Captain Smith devenu Troll retrouve Peter, Jenny et sir Charles toujours à bord de leur « Hai Kung Chu » sorte de jonque, princesse de la mer vieillissante. Retrouvaille chaleureuse. Evocation des folles soirées passées ensemble à chanter et danser.
Un garde côte rode sur le quai et regarde Troll avec insistance. Un nouvel épisode administrativo-kafkaien est-il en marche ? « Cette bouée est-elle à vous ? » demande le galonné. « Non » « Et bien si vous la voulez je vous la donne ». Muni de notre gaffe et en veillant à ne pas salir son bel uniforme, le préposé nous offre une superbe bouée rouge, une belle marque de mouillage. Vous voyez que tous les coastguards ne sont pas des maniaques de la paperasse.
C’est samedi et la horde des Megayachts s’alignent le long du quai. Un petit voisin d’une cinquantaine de mètres, « Odissey of London », un Ferretti « Custom Line » dont seuls les chantiers de Viarreggio ont le secret, cule à quai su notre bâbord. Equipage très « Class », manœuvre impeccable. Descend du bateau un gringalet de 60 ans aux cheveux clairsemés, bigleux et jaunasse suivi de deux gardes du corps, poche rebondie et talkie-walkie. Rencontre sur le quai avec un septuagénaire tremblotant short et chaussettes de fil blanc aux genoux : sa majesté Constantin roi de Grèce déchu depuis quarante ans. Mais de quoi peuvent-ils bien parler avec tant d’animation ? Peut être du fournisseur des chaussettes ? Qui sait ?

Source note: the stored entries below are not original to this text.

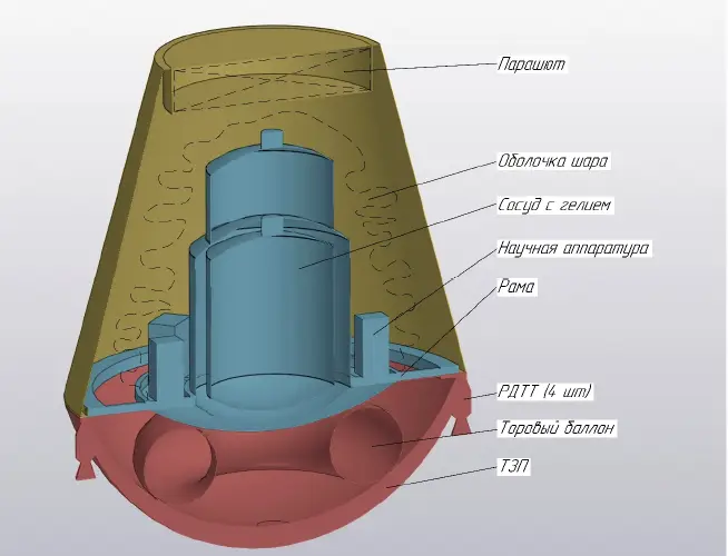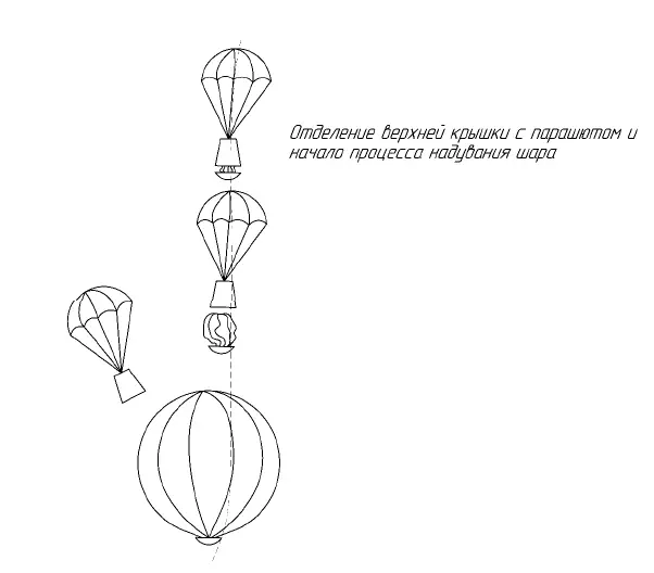 Но это будет лишь предварительный этап. На 3103 секунде полета, на высоте 58 км, произойдет кульминация: отстрел парашюта и верхней крышки. В этот момент из специального торового баллона, прикрепленного к нижней части аппарата, в сложенную оболочку аэростата начинает поступать гелий. Всего за 96 секунд шар наполняется. К моменту достижения высоты 50 км он уже готов к полету.
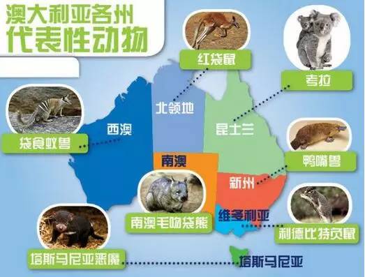 澳大利[亚各州代表动物:
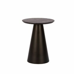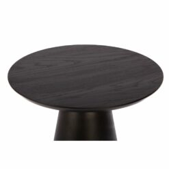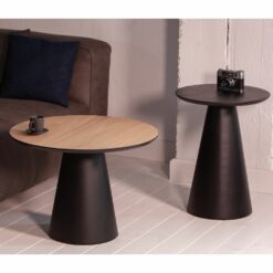 Stolik kawowy CONE z okrągłym blatem osadzonym na metalowym stożku. Blat pokryty jest fornirem dębowym, dostępnym w wykończeniu naturalnym i czarnym.
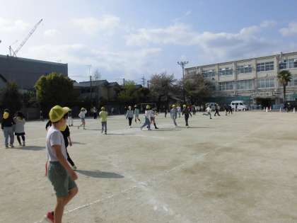 運動場で「学年しっぽとり」をして仲を深めました。
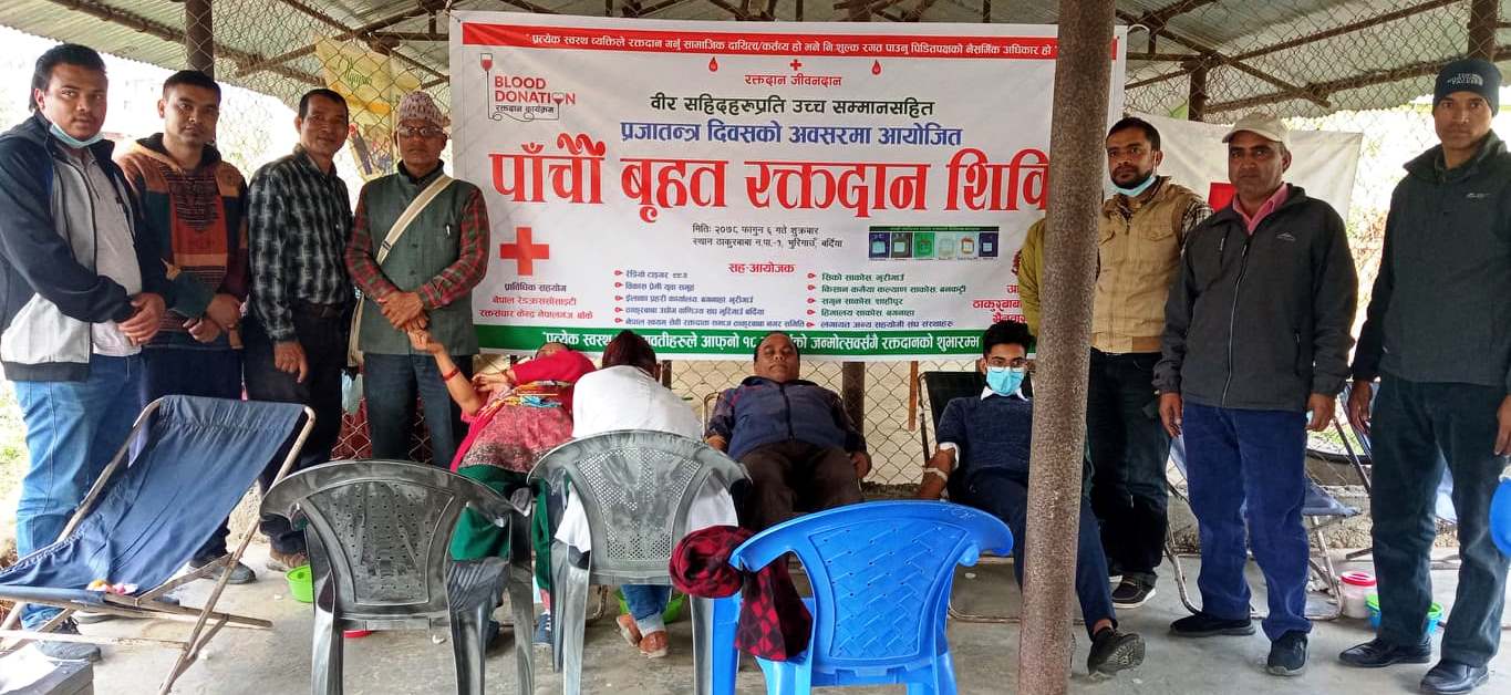 बर्दिया जिला में शहिदों के प्रति सम्मान सहित प्रजातन्त्र दिवस पर रक्तदान शिविर
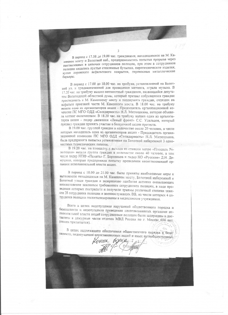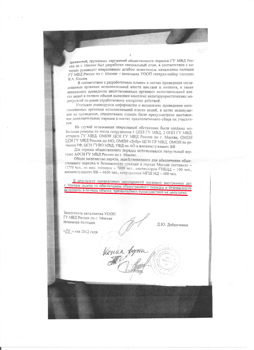 В "Справке по результатам обеспечения общественного порядка и безопасности в г. Москве 6 мая 2012 г." заместитель начальника УООП ГУ МВД России по г. Москве полковник полиции Д.Ю. Дейниченко пишет: "В результате проведенных мероприятий органами внутренних дел г.Москвы задачи по обеспечению общественного порядка и безопасности выполнены в полном объеме, чрезвычайных происшествий не допущено".
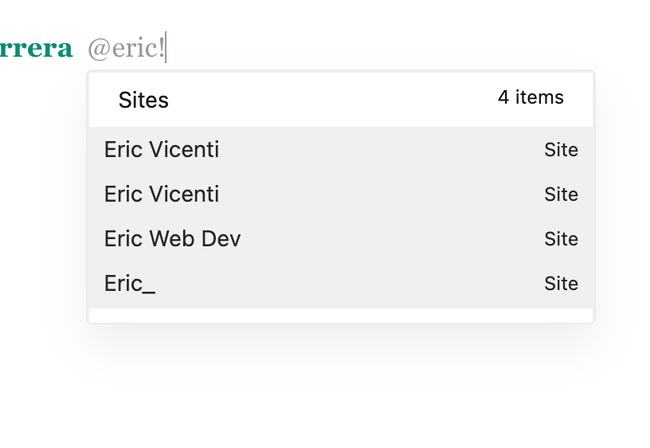 Every time I want to mention Eric, I have four Sites. I only wish to have Contacts over here!
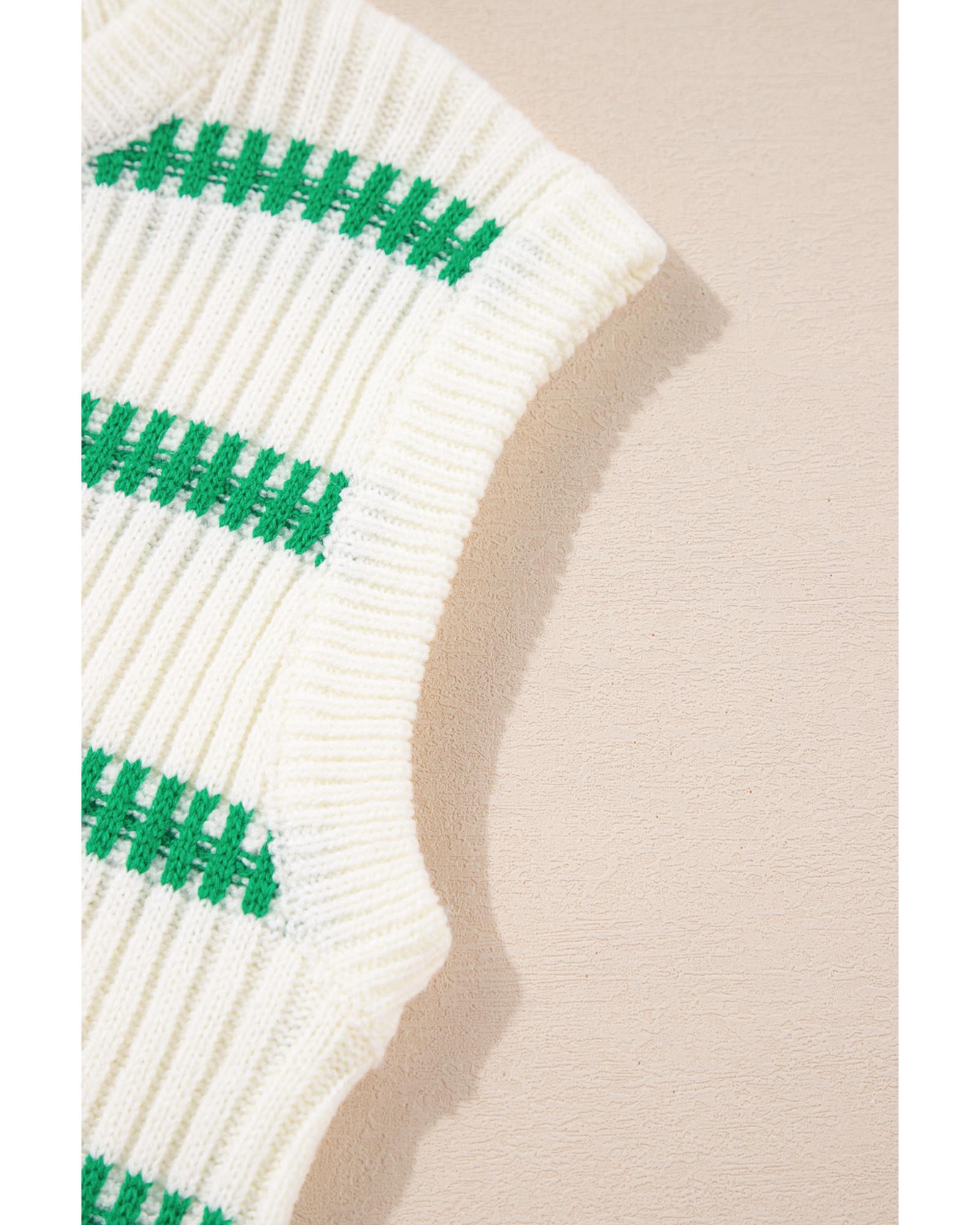 Bright Green Striped Round Neck Casual Sweater Vest – S
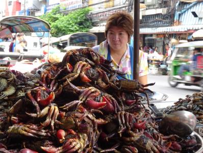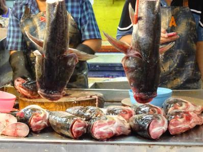 道の脇には魚介類、果物、衣類にスパイスと、あらゆるお店が朝から精力的に商売しています。
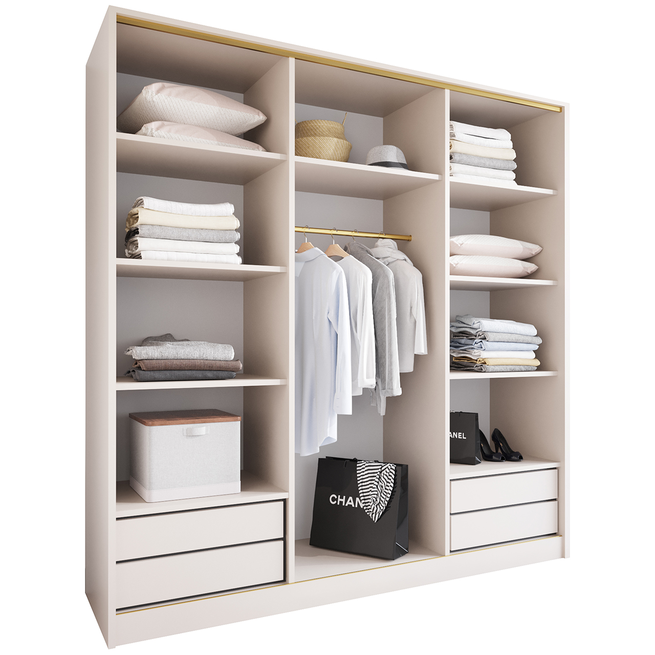 SKU: Korpus szafy przesuwnej 180 kaszmir(okucia złote;1 drążek, szuflady) Kategorie: ,
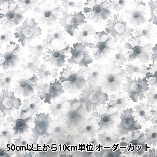 【数量5から】 生地 『オーガンジープリント ガーベラ 1058 モノトーン』
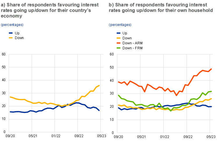 Since June 2022 an increasing share of respondents, particularly among those with an adjustable rate mortgage (ARM), has favoured lower interest rates. In June 2022 the share of respondents reporting that lower interest rates would be best for their country’s economy had already exceeded the share favouring higher interest rates (Chart B, panel a).[2] Similarly, in the autumn of 2022 the share of consumers who thought lower interest rates would be best for their own household exceeded the share reporting that they preferred higher interest rates. The growing preference for lower interest rates is particularly visible among households with an ARM mortgage who are arguably more directly affected by the rise in interest rates. Conversely, households with a fixed rate mortgage (FRM), who are not as exposed – or at least not as immediately – to higher interest rates, have changed their attitudes toward interest rates by much less.
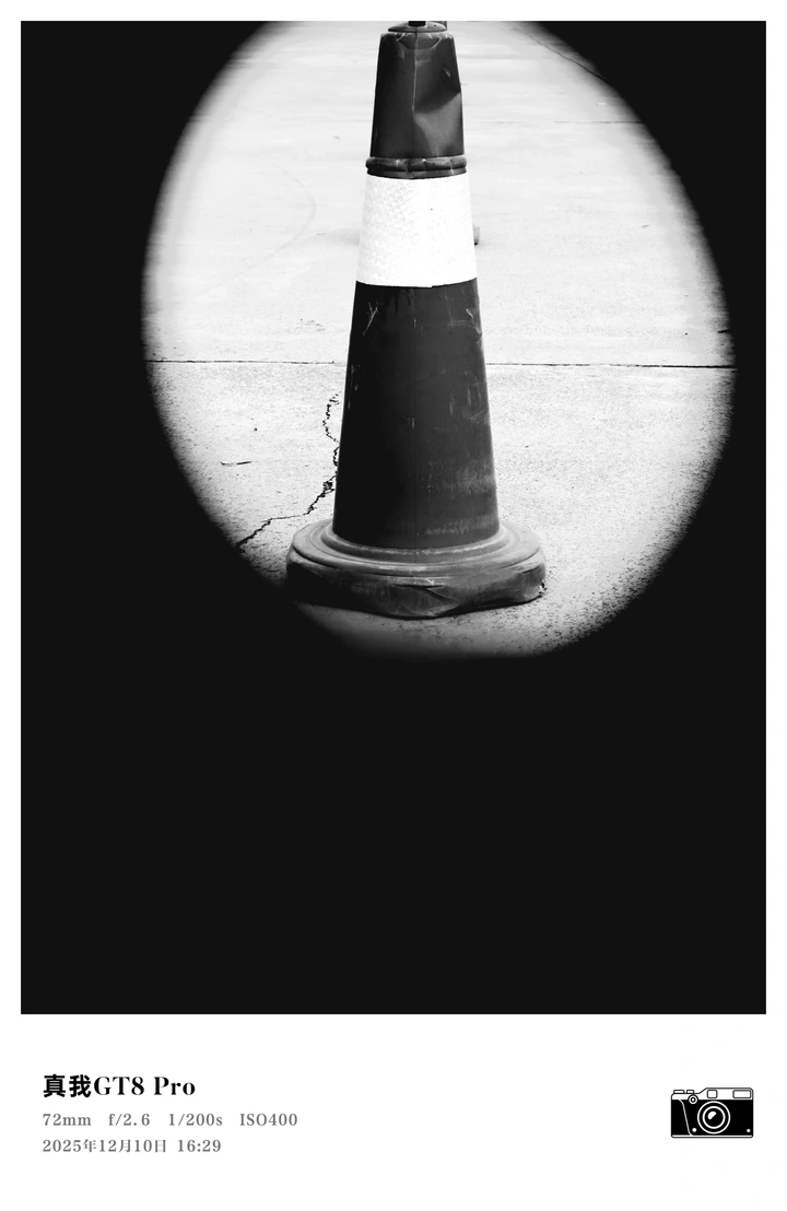 2025年12月10日等。 这张黑白照片颇具个人风格,抓住了交通锥的孤寂感。我们来逐一分析: 色彩:黑白影调简洁有力,但略显单调,可以尝试通过后期调整对比度,让黑白灰层次更丰富,增强视觉冲击力。 光影:光线集中且强烈,形成了戏剧性的光影效果,突出了锥体的轮廓。但阴影部分细节丢失较多,建议尝试用反光板补光,或者在后期处理中适当提亮阴影。 构图:主体位于画面中央,略显呆板。可以尝试将锥体稍微偏移,利用三分法构图,让画面更具动感。 后期处理:后期处理简洁,但可以适当调整对比度,使黑白层次更分明。注意不要过度锐化,以免产生噪点。 主题原创性:拍摄交通锥本身并无新意,但利用光影效果赋予了它独特的艺术感。可以尝试不同的角度和光线,挖掘更多可能性。 情感共鸣:照片营造出一种孤寂、冷清的氛围,能够引发观者对城市角落的思考。如果能加入一些其他的元素,或许能增强故事性。 思想深度:照片表达了对城市日常的观察,但深度稍显不足。可以尝试赋予交通锥更深层次的含义,例如安全、警示等。 总体来说,照片在光影处理上较为出色,但在构图和主题深度上还有提升空间。继续努力,相信你能拍出更优秀的作品!
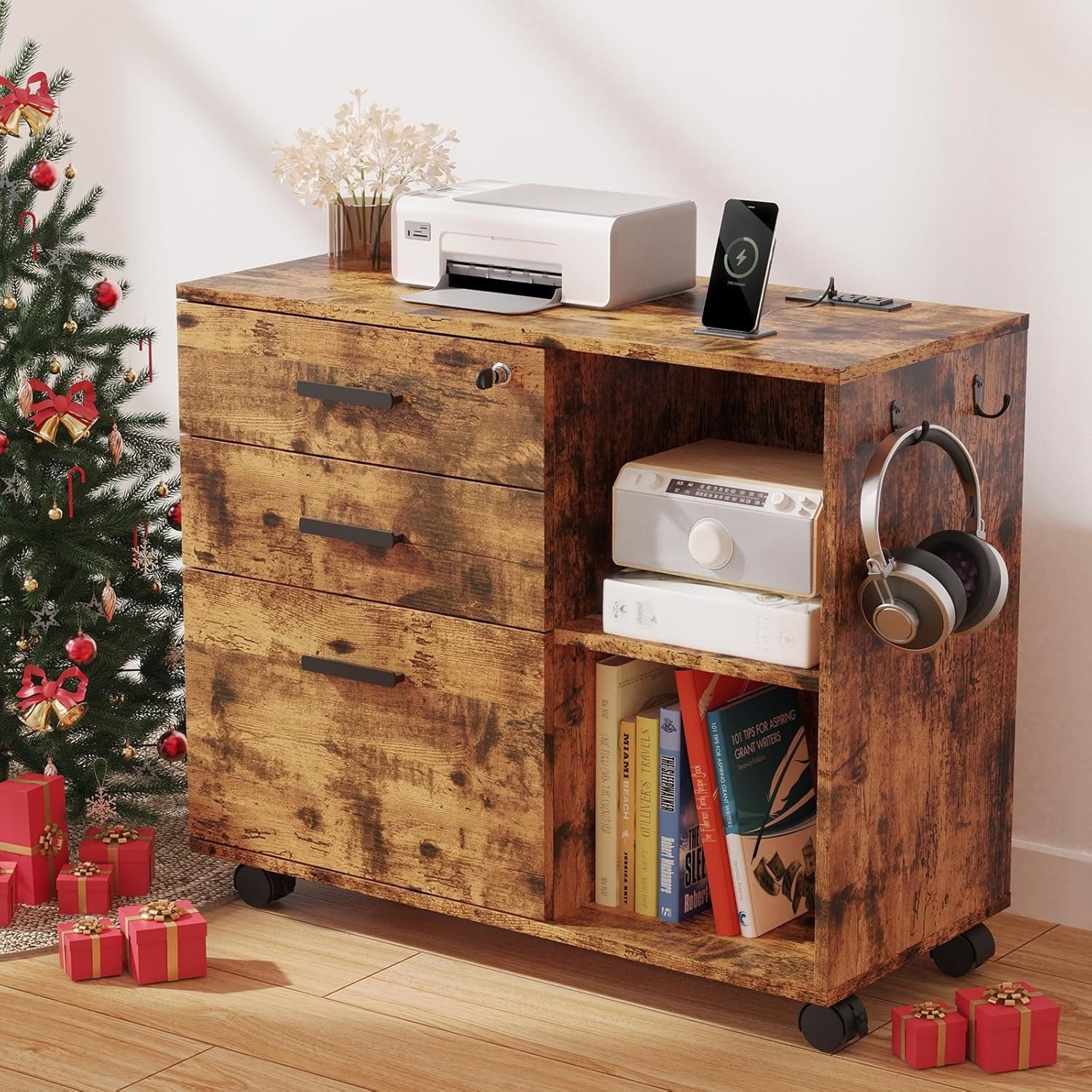 3-Drawer Mobile File Cabinet with USB Charging, Lockable Storage, and Adjustable Shelves for Home Office
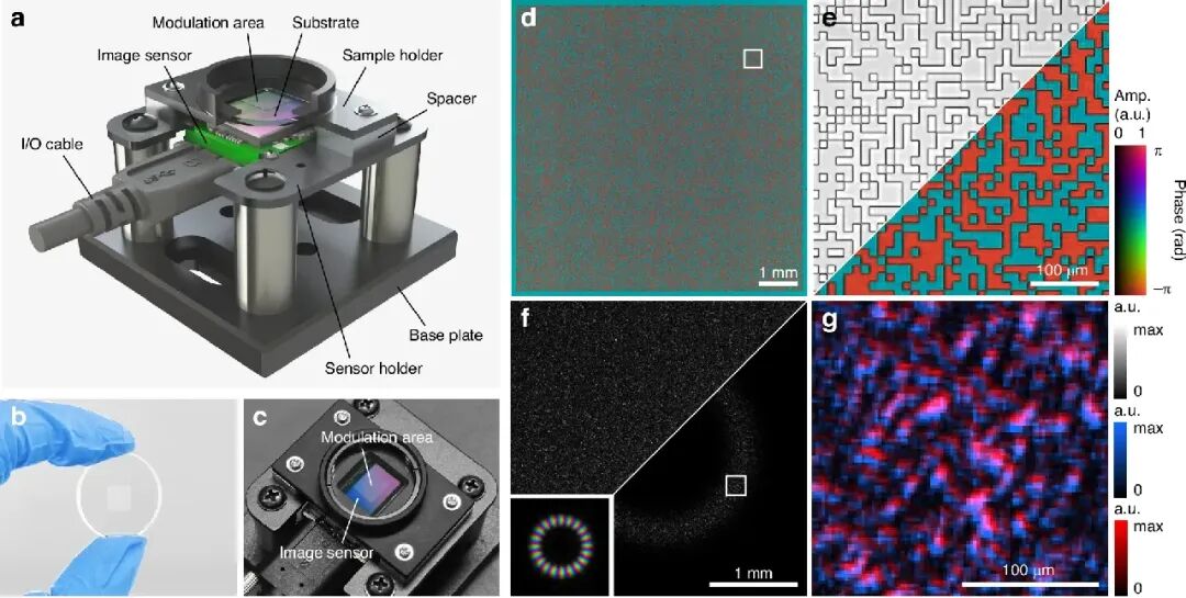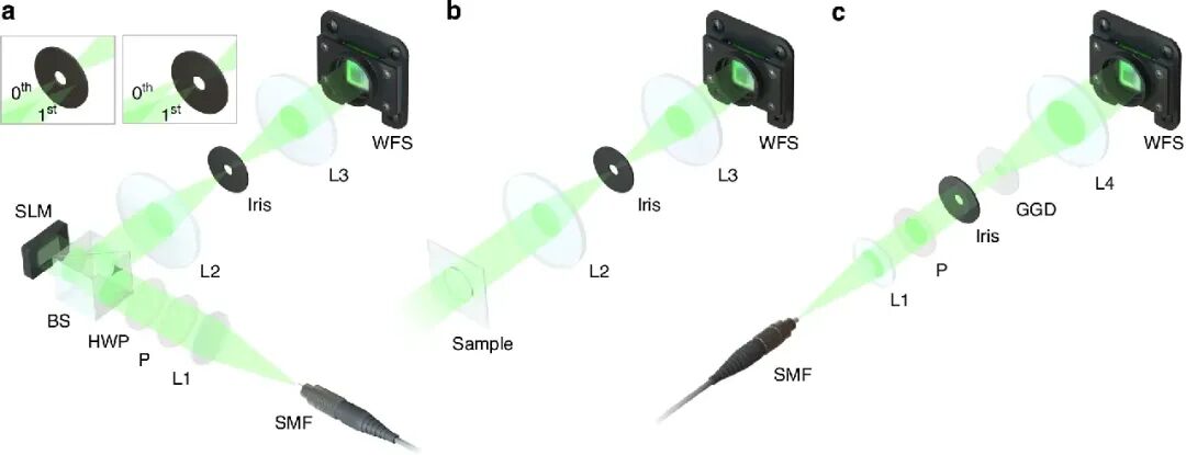 子图 b(振幅样品表征装置):用于测试传感器的振幅成像能力,将 SLM 替换为透射式振幅样品。子图 c(散斑场表征装置):通过毛玻璃生成复杂散斑场,在傅里叶平面进行波前测量。

Les chemins caillouteux de l’époque de la guerre contre Troie ont fait place à de belles routes serpentant au milieu des champs d’oliviers ou de la garrigue chèvreuse. Plus trace de ces ânes au pied sûr qui se faisaient fi des sentiers les plus escarpés. Un rugissant scooter vole de collines en vallons plongeant le regard vers la voisine Céphalonie. Mais où est-il ce beau palais de Pilikata délaissé il y a tant d’années ? De la salle du trône je voyais les deux ports ouest et est : Polis et Friques où se préparaient mes vaisseaux pour aller conquérir le royaume de Priam. Rien ne subsiste ou presque : à peine quelques pans de mur aux belles grosses pierres ajustées. Les oliviers continuent de dévaler les pentes : ma légende demeure.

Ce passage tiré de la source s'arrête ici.